Update: I realize now that calling SetNumberOfThreads multiple times in C++, during the run of one and the same process isn’t so effective, because the size of the ITK ThreadPool is not adjusted anymore after its initialization. To be continued…

1 Like

It looks like TBB is already the default multi threader in itk-elastix!

print(itk.MultiThreaderBase.GetGlobalDefaultThreader())

Prints 2, when I’m using itk-elastix 0.25.2 on Windows.
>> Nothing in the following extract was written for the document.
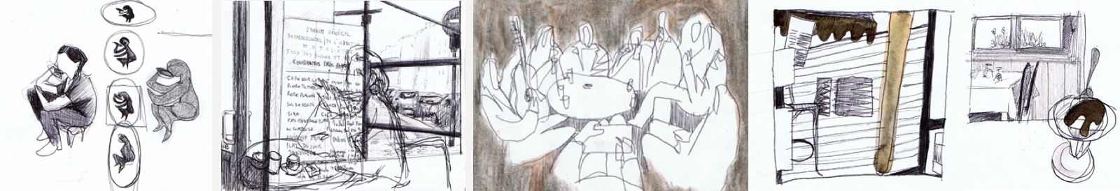 Croquis de suggestion l’essentiel plus narratif et valeurs d’ombres (ou pas ) - 2 minutes à 10 minutes

print(erm.GetMultiThreader())

prints:

TBBMultiThreader (000001B8F5D0DD60)
  RTTI typeinfo:   class itk::TBBMultiThreader
  Reference Count: 2
  Modified Time: 68
  Debug: Off
  Object Name:
  Observers:
    none
  Number of Work Units: 1024
  Number of Threads: 64
  Global Maximum Number Of Threads: 128
  Global Default Number Of Threads: 64
  Global Default Threader Type: itk::MultiThreaderBaseEnums::Threader::TBB
  SingleMethod: 0000000000000000
  SingleData: 0000000000000000

 GetNumberOfThreads 0
 GetGlobalDefaultNumberOfThreads 64
 GetGlobalMaximumNumberOfThreads 128

Does TBB MultiThreader require calling SetGlobalDefaultNumberOfThreads or SetGlobalMaximumNumberOfThreads, before it can be used efficiently?

It does some load balancing while splitting the region into chunks. I don’t think that requires changing the number of threads. But if you know stuff about number of threads, it is advisable to exploit it.